No haze for Maze

Tennessee point guard Bobby Maze likes to rap, so maybe he could arrange a hip-hop version of Johnny Nash's 1972 mega-hit "I Can See Clearly Now." The title couldn't fit Maze any better.

Bobby Maze signed with the Vols after one year at Oklahoma University, a year at Hutchinson (Kansas) Community College and an eye-popping stint in the 2008 Rocky Top Summer League. He was supposed to be an immediate star and lead the Big Orange to a deep run in the NCAA Tournament.

The problem was, Maze was in a haze when it came to running Tennessee's offense. He didn't know the scheme, didn't know his role in it and didn't know his new teammates or their tendencies. The result was a half-decent year that left many fans feeling he underachieved.

As he prepares for Year 2 on The Hill, however, the Maze haze has lifted and he's seeing things a lot more clearly than he did one year ago. That is evident in his preseason play this fall.

"I think Bobby has done a really good job of making the transition from junior college to Div. 1," UT assistant coach Tony Jones said. "He understands now what we want from our point-guard position. It was almost like on-the-job training last year. We kind of threw him into the fire coming from junior college. Even though he played one year at Oklahoma, playing juco and then playing in the SEC is a big jump."

Maze, a 6-2, 185-pounder from Suitland, Md., seemed to grow frustrated last season. This affected his offense and defense. He should be significantly better this season at both ends of the floor.

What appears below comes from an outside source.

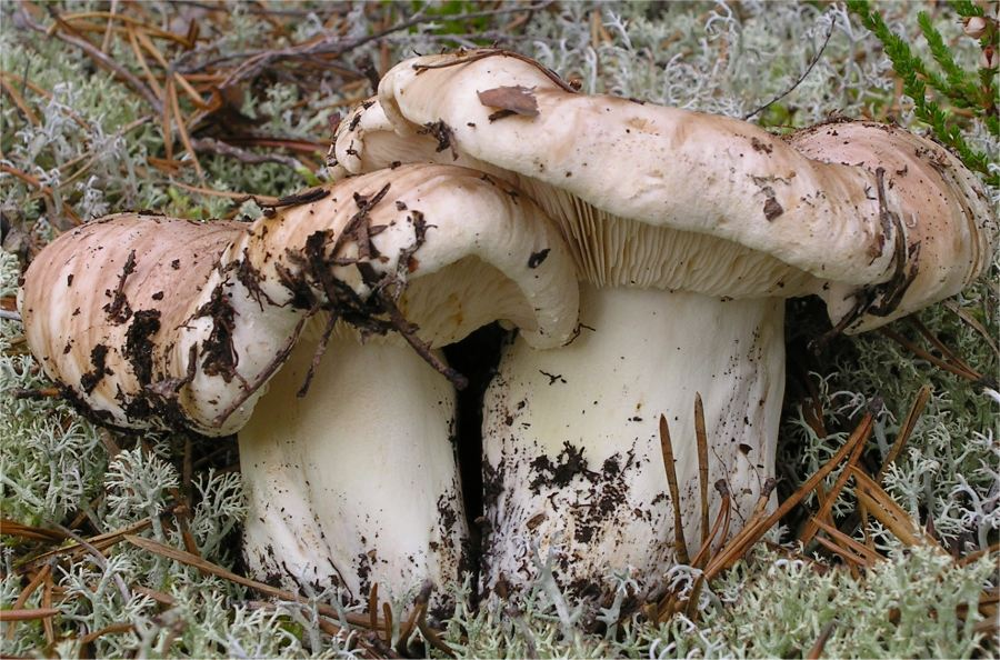 Fruit bodies of the fungus Tricholoma roseoacerbum. Photographed in Västerbotten, Sweden.

"He's doing a better job of understanding pressure," Jones said. "We think he's going to make a huge impact in our pressure defense, something we kind of backed off of last year.

"He's advancing the ball a little bit more, which is something we like to have our point guards do. Back in junior college he was more of a shoot-first, pass-second point guard. We've gotten him to understand that we don't mind him being aggressive offensively but we need for him to examine all of his options and make good decisions. He's been able to do that so far in the preseason."

Maze conceded that he is light-years ahead of where he was one year ago.

"I'm a lot more comfortable," he said. "I know where I'm going to get my shot. Last year, coming in late, I wasn't too sure. Now I know what I've got to do and I'm excited about this upcoming season."

Although he has exceptional quickness, Maze lost a step by being somewhat tentative last season. He's relying more on instinct and less on thinking this year.

"It's a lot easier now," he said. "I had all summer to work on it. I had a chance to watch a lot of game film. With a year in this system, it gives you a chance to know where guys are going to be on the floor and where you can get your shot. It's a lot easier."

The fact he has played a full season of varsity ball and an offseason of pickup ball with his UT teammates has given Maze a much better chemistry and camaraderie with them.

"It makes it a lot better," he said. "Everybody's getting a lot closer, and that's going to make this year a special experience. When I came in last year the other guys already knew what to do. I was trying to learn it, and that was difficult at times. Now I think we've all got it figured out."

Maze is being pushed this preseason by another juco transfer, Melvin Goins of Mount San Jacinto (Calif.) College. The 5-11, 195-pounder missed valuable practice time while recovering from minor knee surgery but should challenge Maze in the months to come.

"Melvin is a very strong physical specimen for a person of his size," Jones said. "He's going to help us in pressuring the ball. He's probably the best person out there as it relates to pressuring the ball."

The key is: Can he run an offense?

"He's going to be able to get the ball up the floor quickly, and he's going to be able to knock down 3-pointers off of ball reversal," Jones said. "You're not going to be able to let him sit out there. Melvin also is going to be very good at breaking down a defense and creating opportunities for others."

Tennessee's point guard play was a disappointment in a 2008-09 season that ended with a first-round NCAA Tournament loss and a 21-13 record. Given their complementary skill sets, Maze and Goins may be able to provide an upgrade at the position in 2009-10.

As Jones put it: "That's a pretty good dichotomy at point guard - to have one that's more offensively aggressive and one that looks to distribute the ball a little bit more."


Tennessee is ranked 10th in the Associated Press preseason 2009-10 college basketball poll, released earlier today. This is the fifth time in school history - second time during the Bruce Pearl era (2005-06 to present - that the Vols made the AP top 10.

Tennessee is ranked 11th in the ESPN/USA Today coaches' poll, also was released today.

Kansas, ranked No. 1 in both polls, visits Knoxville Jan. 10.

Two other SEC teams earned preseason rankings. Kentucky is No. 4 in the AP poll and No. 5 in the coaches' rankings. Mississippi State is No. 18 in the AP and No. 19 in the coaches poll.

Tennessee opens the exhibition portion of its schedule Friday at 7:30 p.m. when it hosts North Alabama. The Vols then host Lincoln Memorial on Nov. 4 before opening the regular season against Austin Peay on Nov. 13.